• [Work order]
Exactly the lines below, starting with the one containing "マイナビジョブ20’sは、2" and going on through the one containing "The following chart", must be reproduced, both ends included, and no pictures with them.

• [Source information]

============================================================

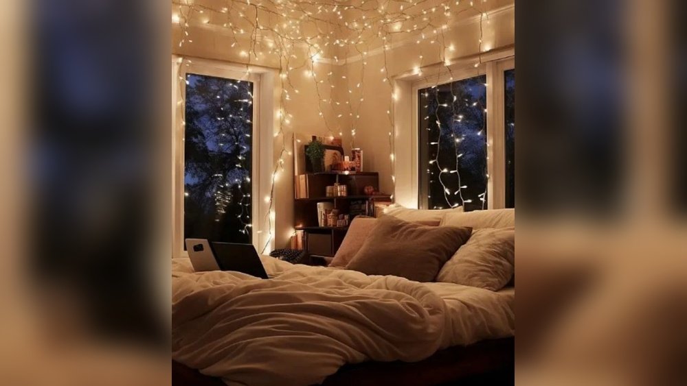 If you have a large window or a blank wall, curtain fairy lights can make the space look dreamy and elegant. These are especially popular as backdrops for parties or video calls.
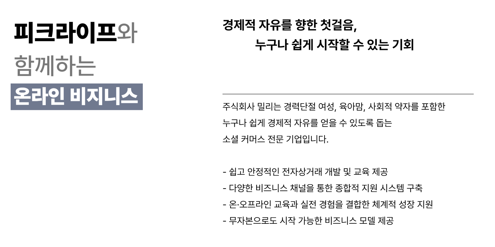 피크 라이프는 (주)Mily의 라이프코칭&창업컨설팅 플랫 폼입니다.
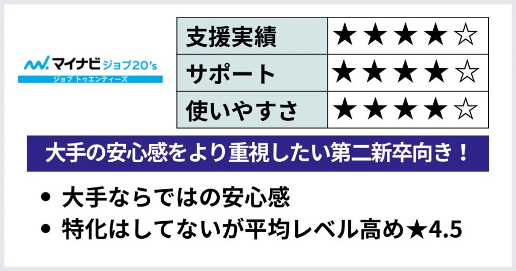 マイナビジョブ20’sは、20代の転職支援に特化した転職エージェントです。大手人材会社マイナビが運営しており、第二新卒や既卒など若手向けの求人を多く扱っています。
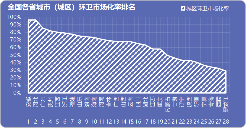 全國2851個(gè)區(qū)縣(縣級區(qū)劃)中,城區(qū)環(huán)衛(wèi)市場化推進(jìn)情況不盡相同,呈現(xiàn)出“東高西低”的總特征。如安徽、河北兩省的城區(qū)環(huán)衛(wèi)市場化完成率高達(dá)96%,寧夏、青海、西藏、黑龍江四省的城區(qū)環(huán)衛(wèi)市場化完成率不足40%。
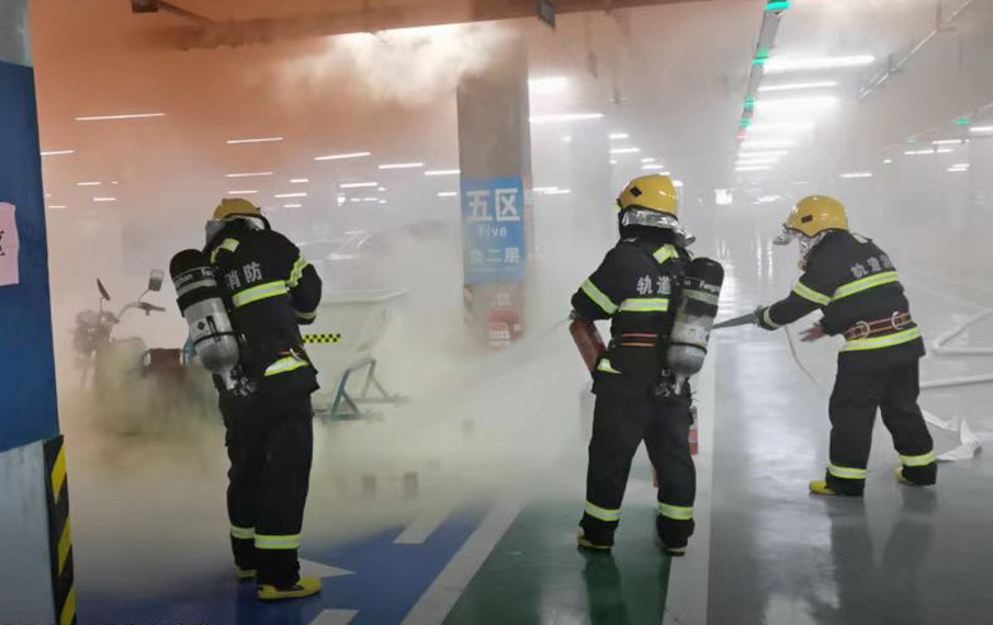 6月29日下午3点,一场灭火疏散应急综合演练在长沙火车南站西广场地下停车场如火如荼的开展。
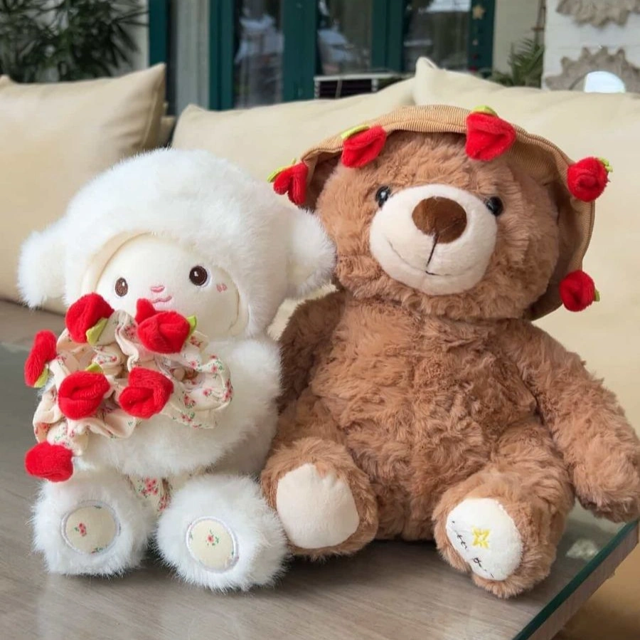 Bring warmth and cuteness to your space with these adorable plush stuffed toys. Featuring a charming teddy bear and a fluffy bunny design, these soft toys are dressed with cute accessories and decorative details that make them perfect for cuddling or display. Their sweet expressions and cozy look add a lovely touch to bedrooms, nurseries, or living spaces.
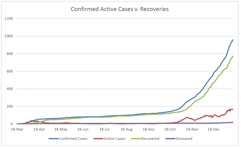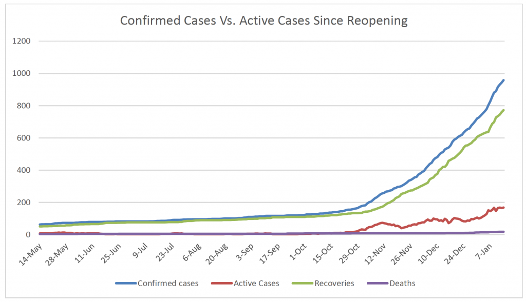 The following chart represents the last 14 days of positive reports, active cases, and recovered cases.
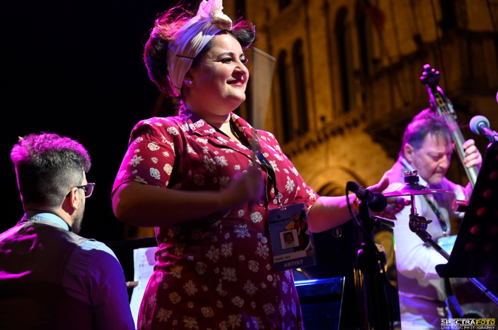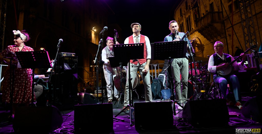 Sul palco dei Giardini Carducci si sono alternati dalle 13 fino a tarda sera tantissimi gruppi che hanno animato questo bellissimo luogo di Perugia. Tra i vari gruppi musicali che si sono esibiti sul palco c’è stato quello dei “Sugarpie&Candymen” ,formatosi nel 2008 in Emilia-Romagna, conosciuti anche per alcune collaborazioni con Renzo Arbore sono noti anche per aver riarrangiato nel loro genere ,ovvero il jazz, molti brani popolari di artisti e gruppi notevolmente conosciuti, alcuni dei quali; Bohemian Rhapsody,Disco Inferno,Come Together,Quando, Quando ,Nel blu. dipinto di blu. Tra i loro album vi è anche “Let it Swing”dedicato interamente ad alcune it dei Beatles. Bravissima la cantante del gruppo Lara Ferrari che ha regalato dei momenti di grande spensieratezza coinvolgendo con il suo swing il numeroso pubblico presente nei Giardini Carducci.
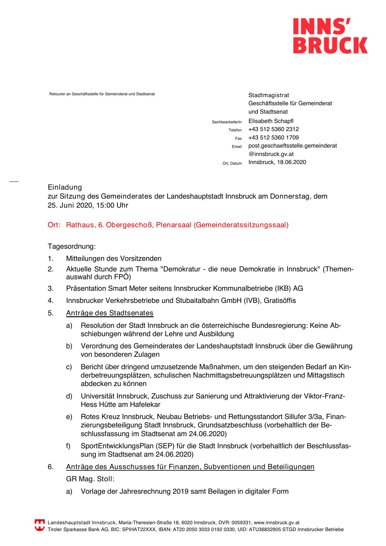 zur Sitzung des Gemeinderates der Landeshauptstadt Innsbruck am Donnerstag, dem
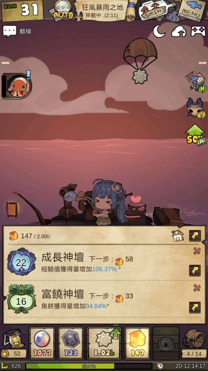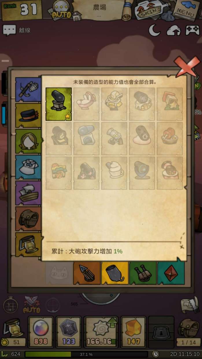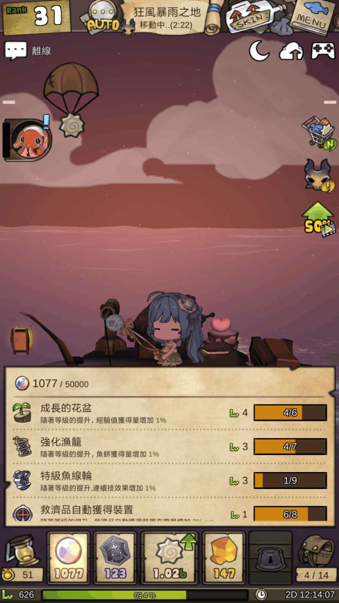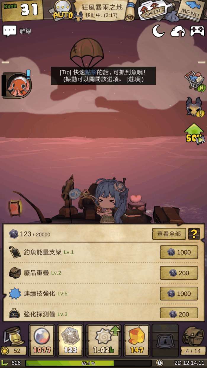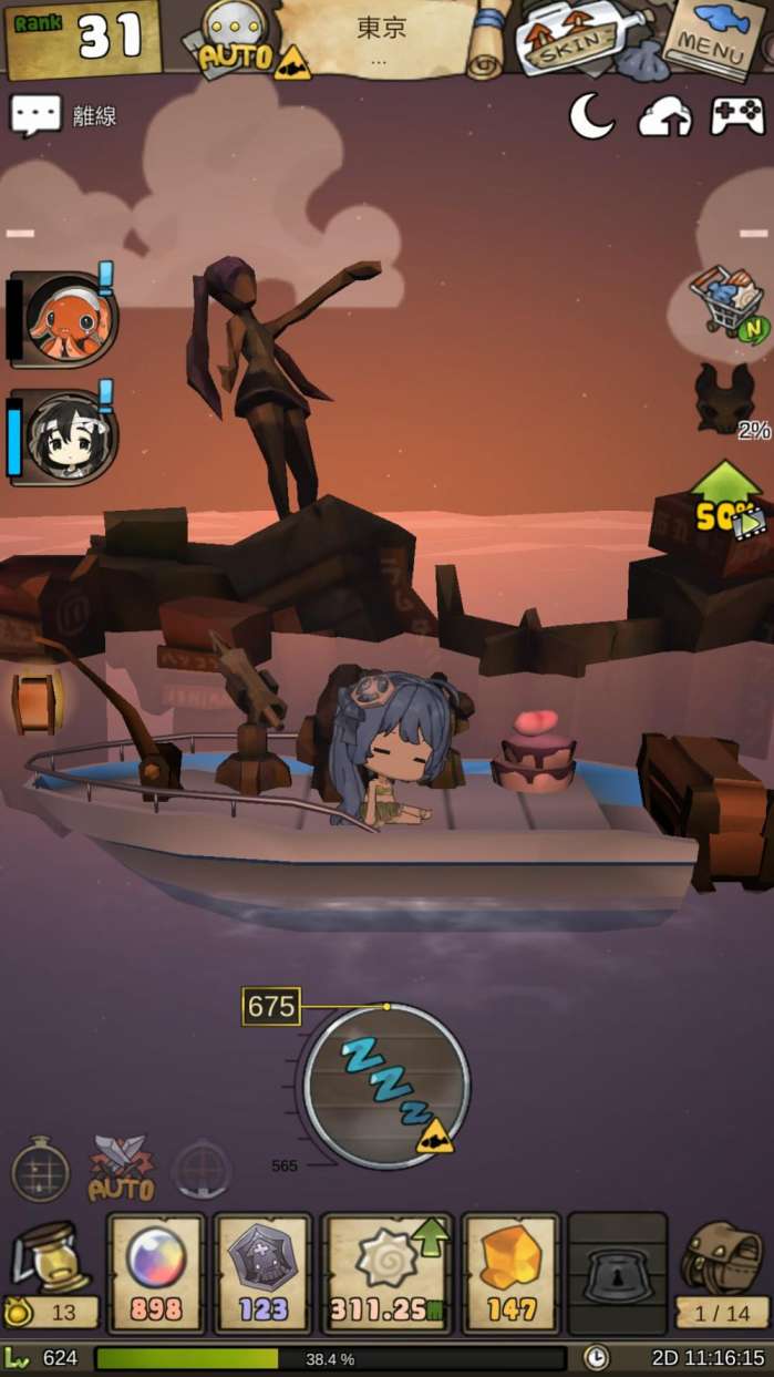 东京的初音殿下!!! 香港富有中华特色的建筑物。类似的彩蛋数不胜数哦,大家也可以在游戏中自己寻找。 在漫长的游戏过程中难免会感到无聊,这是放置类游戏的通病,而且漂流少女不能后台挂机,这一点是漂流少女相当大的一个毛病,但是制作组为了消除游戏中无聊的感觉,做了很多努力,花样繁多的换装饰品系统(我女儿一定要穿好的!),拥有皮肤的物品多达11种。比如说这个普普通通的船,可以变成乌龟! 又或者是汉堡包! 真的是脑洞有多大,船就有多少! 游戏中还有很多小游戏的环节,打的好的话,会给予你一些奖励。 还有种类繁多的升级系统,武器升级 道具升级
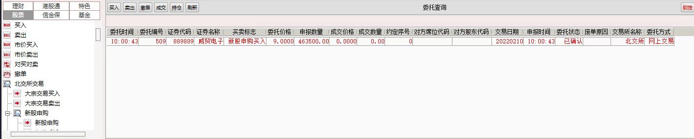 “通過(guò)參與北交所打新,我已獲利7063元。2月10日上午10時(shí),我已頂格申購(gòu)463500股威貿(mào)電子,繳付申購(gòu)資金417.15萬(wàn)元,希望能中簽并獲得理想收益。”入市13年的北京市投資者林先生興奮地告訴《證券日?qǐng)?bào)》記者,2022年北交所上市的注冊(cè)制維度的兩只股票他都中簽了,且收益可觀。
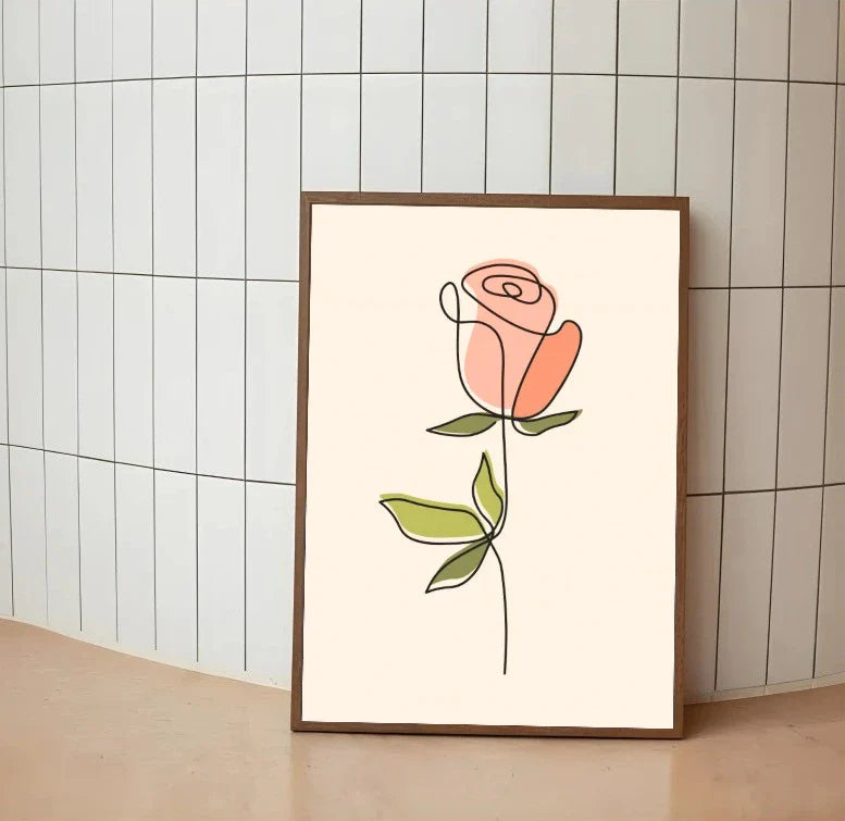 Minimal line art with muted pinks and greens — quiet, romantic, and intentionally understated. Made for calm spaces that don’t need loud decor to feel warm.
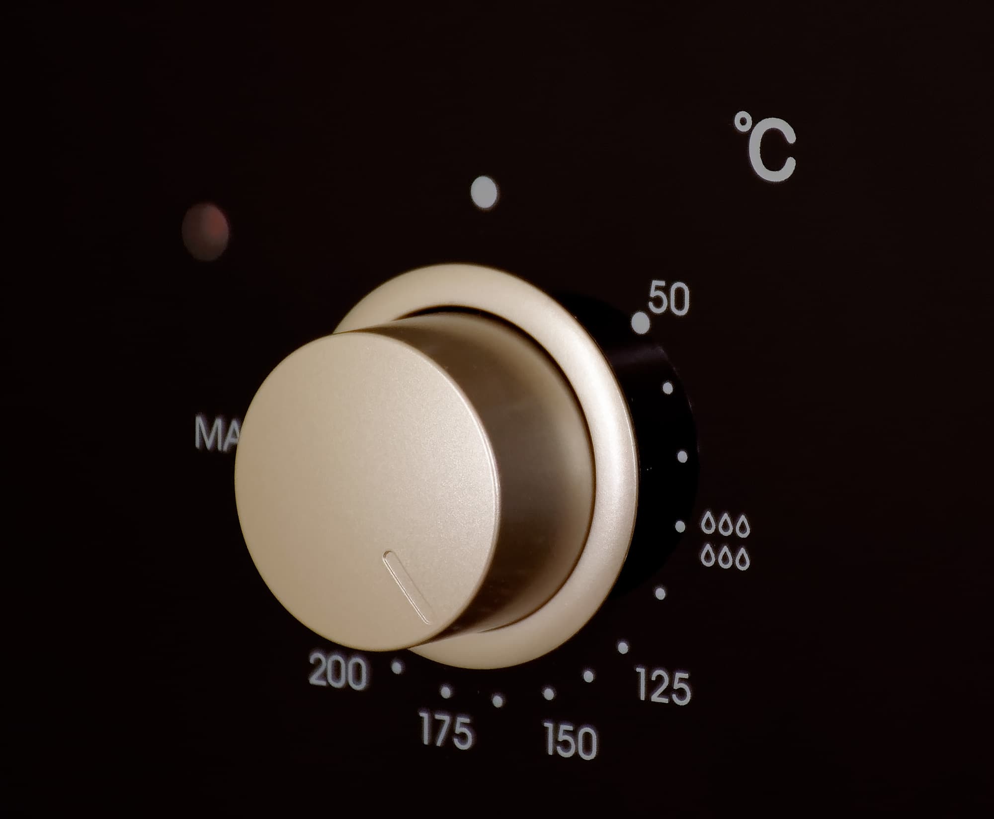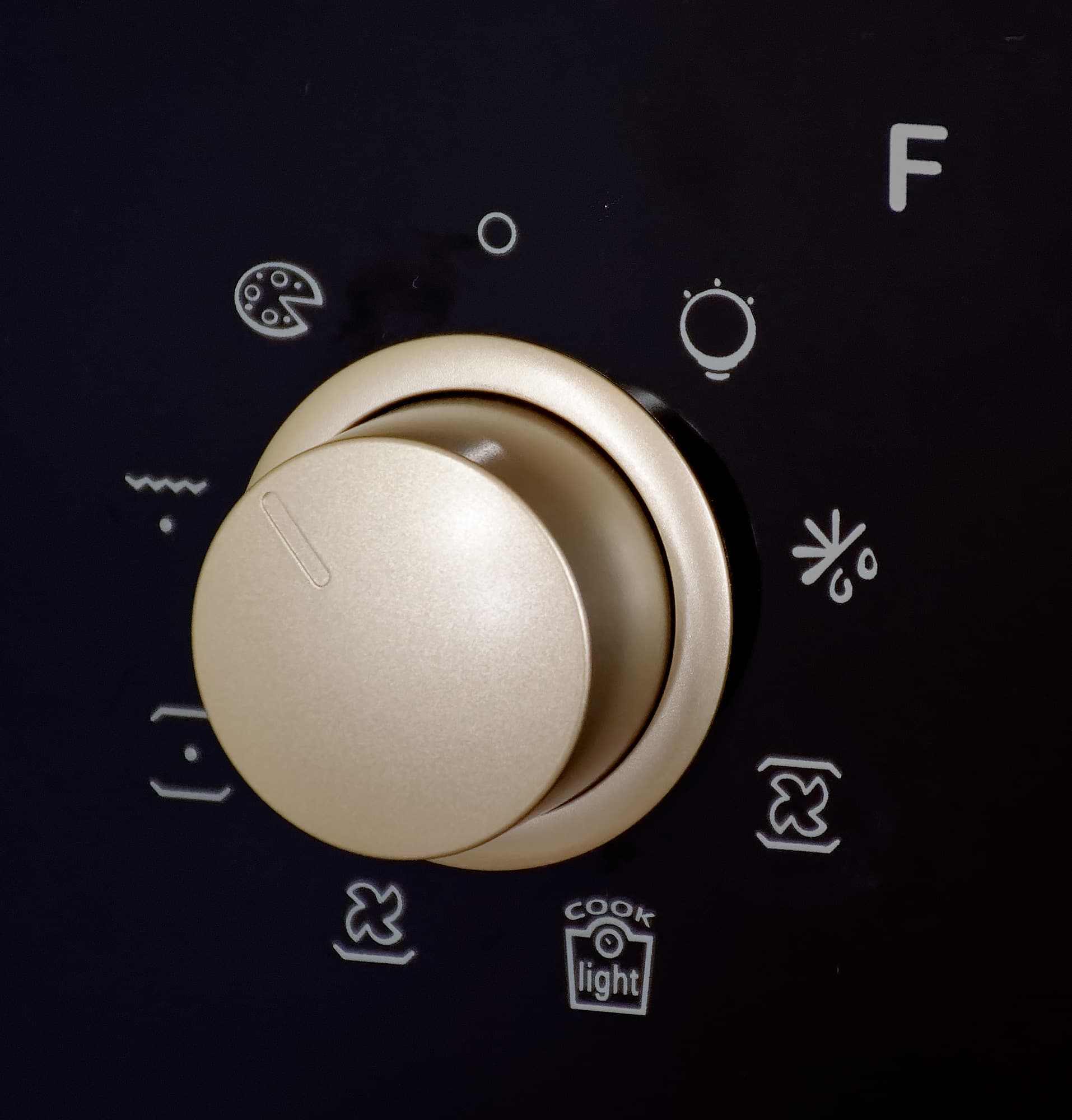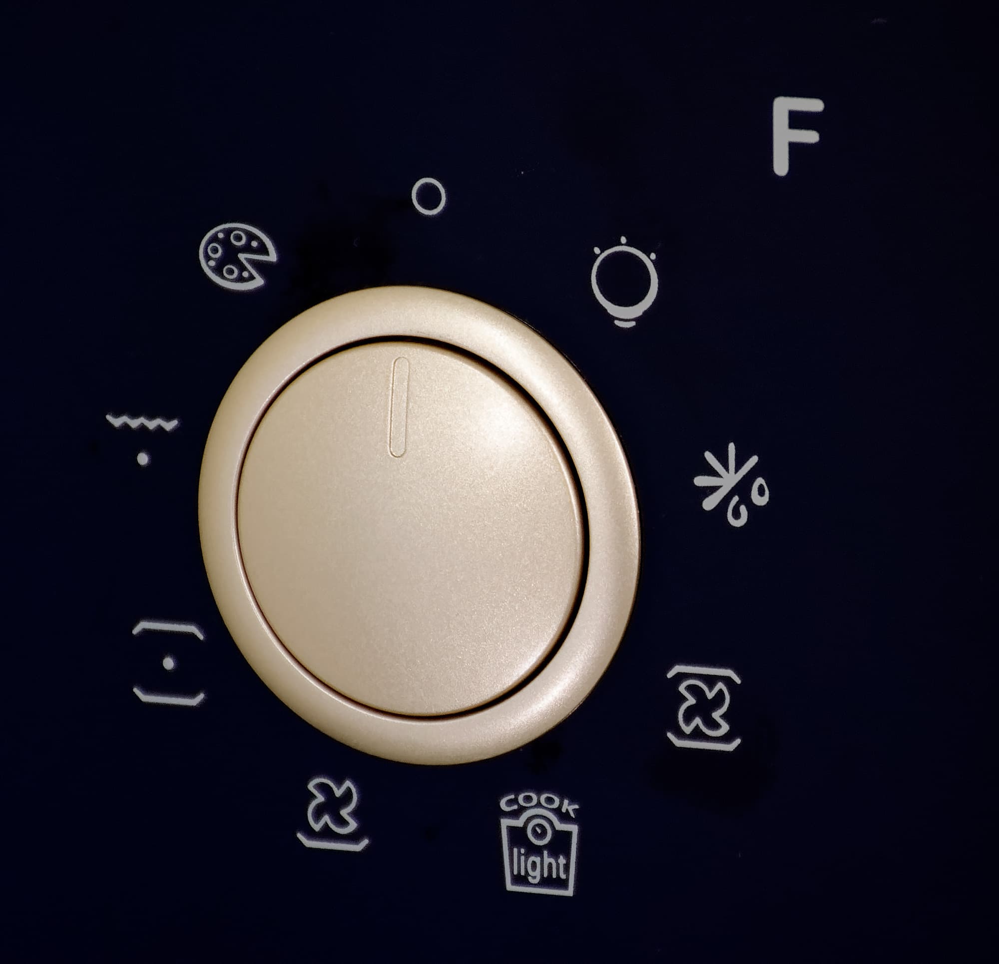 Основы управления интуитивно понятны с первого взгляда. Правая поворотная ручка отвечает за выбор режима, левой выставляется температура нагрева. Крутится все легко и тактильно приятно. Ручки можно утапливать в поверхность духовки, чтобы они не торчали.

============================================================

• [Output below]
 マイナビジョブ20’sは、20代の転職支援に特化した転職エージェントです。大手人材会社マイナビが運営しており、第二新卒や既卒など若手向けの求人を多く扱っています。
 全國2851個(gè)區(qū)縣(縣級區(qū)劃)中,城區(qū)環(huán)衛(wèi)市場化推進(jìn)情況不盡相同,呈現(xiàn)出“東高西低”的總特征。如安徽、河北兩省的城區(qū)環(huán)衛(wèi)市場化完成率高達(dá)96%,寧夏、青海、西藏、黑龍江四省的城區(qū)環(huán)衛(wèi)市場化完成率不足40%。
 6月29日下午3点,一场灭火疏散应急综合演练在长沙火车南站西广场地下停车场如火如荼的开展。
 Bring warmth and cuteness to your space with these adorable plush stuffed toys. Featuring a charming teddy bear and a fluffy bunny design, these soft toys are dressed with cute accessories and decorative details that make them perfect for cuddling or display. Their sweet expressions and cozy look add a lovely touch to bedrooms, nurseries, or living spaces.
 The following chart represents the last 14 days of positive reports, active cases, and recovered cases.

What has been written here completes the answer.